As a team, our gardeners, as I guess most gardeners up and down the country do, grit their teeth whenever they hear the word ‘gales’

Fallen Abies on Boxing Day 2013 A lot of our trees are quite old and very precious and it always causes us great pain and upset to lose one - like last year when we suffered the loss of a large Abies in the arboretum, plus some smaller and younger silver birches and conifers.

We got off lightly compared with RHS Garden Wisley who lost a good many trees over the Christmas/New Year period 2013–2014. So it is with a sigh of relief that the winds that hit us on Tuesday (21st) didn’t inflict any losses and we could all stop holding our collective breath.

Meanwhile over in the nursery between the glasshouse and the polytunnel, the footings are being dug out for a new standing out area. This will free up the existing standing out area, allowing us to build a new polytunnel to house our alpine collection stock.

A standing out area is where we house the new nursery stock on arrival if it's not tender. All hardy stock goes there to be monitored and nurtured until the appropriate planting windows occur.

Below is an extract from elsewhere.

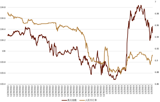 人民币汇率收复6.90 在2022年的最后一个交易日,在岸人民币在16:30分官方收盘后便在流动性相对偏弱的夜盘开启了一波升值行情,在当晚11点30夜盘收盘前,人民币汇率便升破了6.90 (图表1),这是在岸人民币汇率自2022年9月初以来首次收复6.90关口。在2023年的第一个交易日,人民币汇率在开盘不久之后再度拉升至6.90下方,此后尽管冲高回落,但在美元指数反弹的背景下,人民币汇率的回落幅度有限。近5个交易日,美元指数总体上有所回升,但人民币却逆势升值500点,短期的势头较为强劲。

Visitors constantly ask us if there’s anything for us to do in the winter months: well, winter is one of our busiest times; cutting back herbaceous plants that have fallen over and gone slimy, tree pruning, planning and choosing next year's seeds to order, and so on. Tree planting takes place in the winter months too, and in our standing out area are a fine selection of acers, magnolias, camellias, bamboos and lovely dogwoods - all itching to be planted up. We will be starting our planting programme from November onwards.

The offending stone!Back at the nursery site, the chap with the digger doing the footings called us over - he’d come across a large rock right in the middle of where he was trying to dig.

It was not only in the place he was excavating; but so large it was half underneath the path leading to the polytunnel; if he’d got that out he would have left a large cavity and damaged the path. James, my Team Leader leaned in and stared for a minute - “we need a pecker for that”.

He went onto explain that a 'pecker' is a large mechanical tool attachment that would break the stone up. More words to get to grips with I thought, as I added 'pecker' in my notebook of hard landscaping ‘terms I need to know’.